- [PROVIDED MATERIAL]:
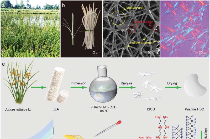 a)積液Juncus effusus L.(乙腦)b)提取乙腦通氣組織(JEA)泡沫。c) JEA網(wǎng)絡(luò)的SEM圖像。d)中空星狀纖維素單元(HSCU)的偏振光學(xué)顯微鏡圖像。e) HSC-TENG制備工藝及結(jié)構(gòu)示意圖。f) AgNWs電極的SEM圖像。g)原始中空星狀纖維素(PHSC)膜表面的SEM圖像。h)半透明可彎曲的PHSC。i)輕質(zhì)PHSC (3cm × 2cm, 19.86 mg)。學(xué)分:先進功能材料(2023)。DOI: 10.1002 / adfm.202304801
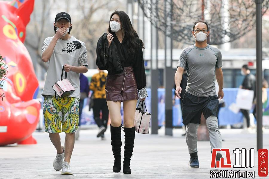 2020年3月18日,北京,据北京市气象局发布,18日北京最高气温23摄氏度。在朝阳区三里屯,不少潮人已迫不及待换上了短裙短裤出街,享受难得的春光。
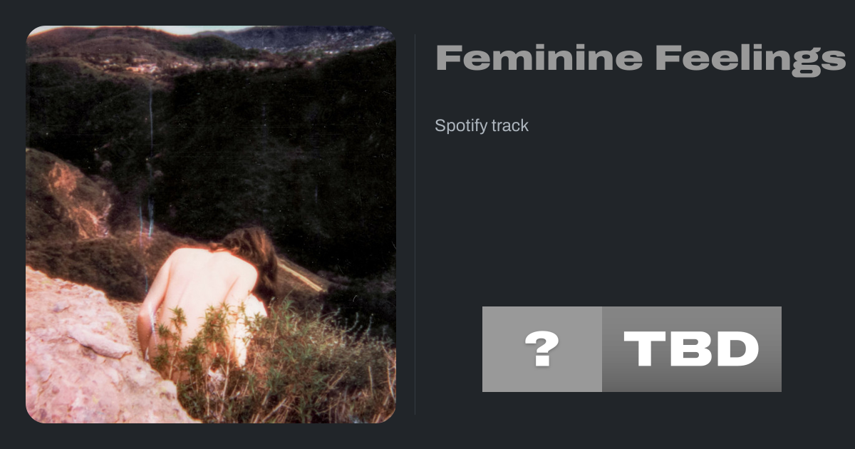 I’m currently playing "Feminine Feelings" by Chrissy at April 12, 2026 at 06:57AM
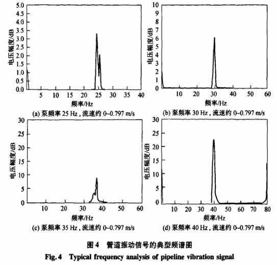 本研究对不同流速和泵频率组合下的涡街流量信号进行了数据采集和频谱分析,其中水泵采用格兰富AP12.40单级潜水泵,分别调节流速约0.209,0.403,0.611,0.797m/s.控制水流速的大小,在每一开度下,再分别设置水泵工作频率为25,30,35,40Hz,以输人不同的振动干扰信号,如图2所示.可见当流速小时噪声能量接近甚至大于实际信号能量,在线的频谱分析很难判断..

- [WORK INSTRUCTIONS]: The result should be a word-for-word restatement of all the data, without images.

- [SOLUTION TO THIS TASK]:
 a)積液Juncus effusus L.(乙腦)b)提取乙腦通氣組織(JEA)泡沫。c) JEA網(wǎng)絡(luò)的SEM圖像。d)中空星狀纖維素單元(HSCU)的偏振光學(xué)顯微鏡圖像。e) HSC-TENG制備工藝及結(jié)構(gòu)示意圖。f) AgNWs電極的SEM圖像。g)原始中空星狀纖維素(PHSC)膜表面的SEM圖像。h)半透明可彎曲的PHSC。i)輕質(zhì)PHSC (3cm × 2cm, 19.86 mg)。學(xué)分:先進功能材料(2023)。DOI: 10.1002 / adfm.202304801
 2020年3月18日,北京,据北京市气象局发布,18日北京最高气温23摄氏度。在朝阳区三里屯,不少潮人已迫不及待换上了短裙短裤出街,享受难得的春光。
 I’m currently playing "Feminine Feelings" by Chrissy at April 12, 2026 at 06:57AM
 本研究对不同流速和泵频率组合下的涡街流量信号进行了数据采集和频谱分析,其中水泵采用格兰富AP12.40单级潜水泵,分别调节流速约0.209,0.403,0.611,0.797m/s.控制水流速的大小,在每一开度下,再分别设置水泵工作频率为25,30,35,40Hz,以输人不同的振动干扰信号,如图2所示.可见当流速小时噪声能量接近甚至大于实际信号能量,在线的频谱分析很难判断..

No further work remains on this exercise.